2:31 (In »The three dramatic revolutions of the Internet age«)
In 2013 statistics were made public revealing that the gaps in the socio-economic classes in the Unites States had returned to the same levels as in 1917. An entire century of energetic political attempts to level out class differences with egalitarian taxation, allowances and educational measures had come to nothing. Even in other parts of the world, these gaps are widening, and regrettably there is nothing either to suggest that they will decrease once the full power of the Internet revolution comes into effect. And then we have not even touched on the even more dramatic social and cultural class differences that are being created in the attentionalist society that is replacing the capitalist society online (see The Netocrats). Only a handful of Twitter users have access to hundreds of thousands of followers, but they are sitting on the netocratic megaphone, they really have attentionalist power.
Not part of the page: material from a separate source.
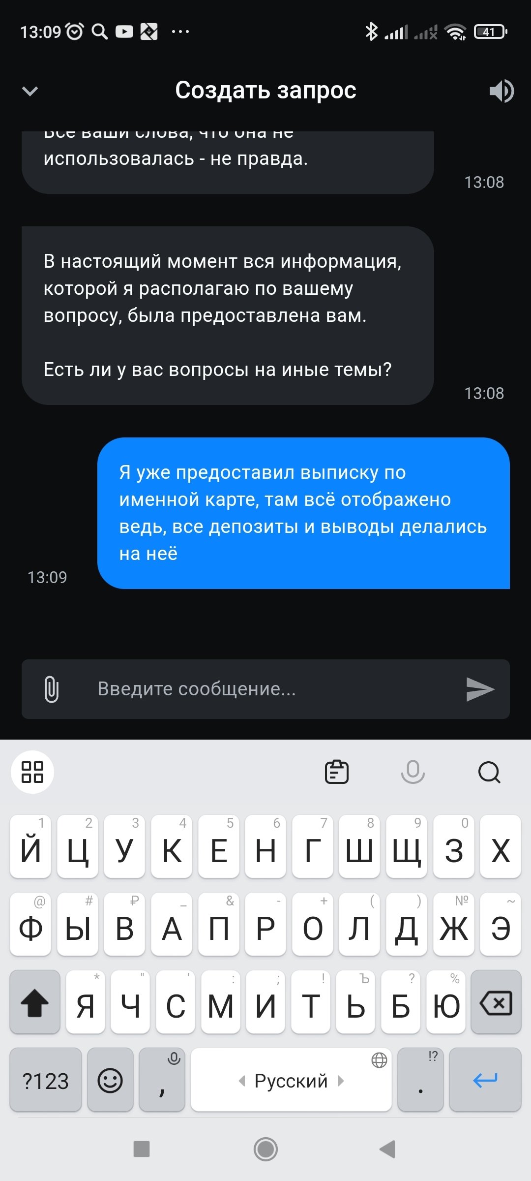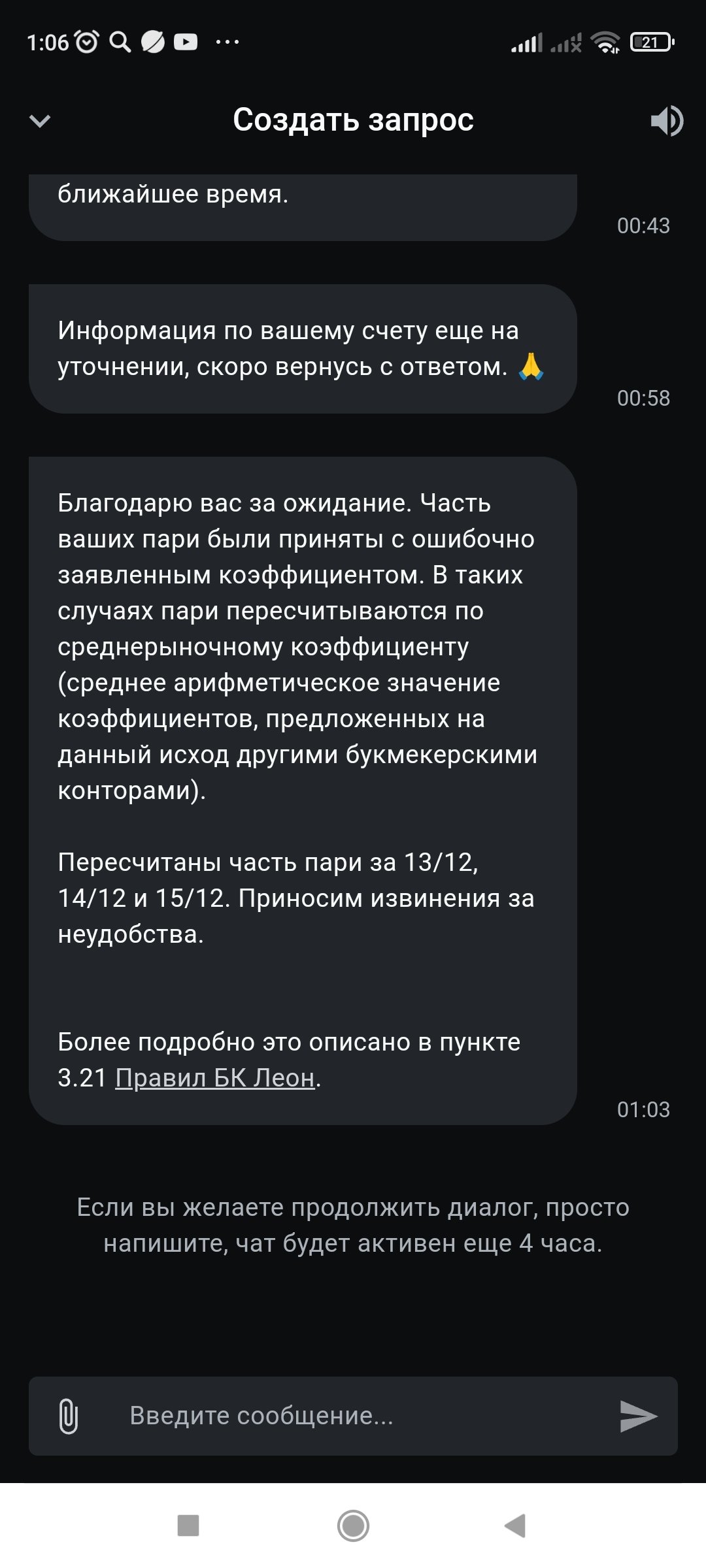 К цупису была привязана карта виртуальная, делал депозит с неё всего раз на сам цупис более месяца назад до этого случая, сам Леон с неё не пополнял. Выйграл сегодня не много в леоне. Сделал запрос на вывод средств, пришли сообщение о подтверждёнии личности - подтвердил. Решил сделать вывод, нажал на цупис карту случайно, а не цупис куда обычно выводил. Снова вериф на ту карту виртуальную которой давно нет, я её удалил просто. Запросили документы по двум, по именной предоставил по которой делал депозиты в Леон, а также приложил фото и выписки по карте за последние три месяца. Вывод отменён, денег на аккаунте теперь нет. Без подтверждения данных по той карте отказались продолжать диалог, хотя операций в этом БК по этой карте не было. Вот теперь думайте, стоит ли вообще играть в этой конторе. Была бы причина, чтобы не платить .

Meanwhile the great mass of people are pseudo-babbling on Twitter straight out into the void without any of the people in power caring at all. This goes on until they tire and, having given up, are forced to accept their powerlessness and total lack of influence in their capacity as faceless biomass in the great, vegetating consumtariat.

2:45 (In »The three dramatic revolutions of the Internet age«)
The netocratic dividual uses the enormous offering of new chemicals to constantly change his/her many personalities. This occurs in part as a late-capitalist adaptation strategy vis-à-vis the demands and expectations of one’s environment, and in part also as a subversive netocratic and revolutionary tactic to overthrow capitalism’s limited status quo. When the chemicals set the classical, genetic constants of intelligence, gender and sexual orientation in motion, the foundation of the stale myth of the sober individual (see The Body Machines) is demolished, and is therefore forced into a final hyperphase as an increasing consumtarian underclass phenomenon (see The Netocrats). The consumtarian therefore strives right to the very end to constantly try to improve him/herself, to invoke an allegedly genuine and underlying I-essence, accompanied by tabloid culture’s demands for consumption-generating frustration with the self. Career choice, gym sessions, fashion diets, partner hunting: all these are flagrant examples of vulgar hyperindividualism. On the other hand, the netocrat has long stopped believing in the coherent individual, and instead cultivates hundreds of different personalities within his/her new ideal dividual (see The Body Machines), often invoked and expedited by carefully designed chemical cocktails.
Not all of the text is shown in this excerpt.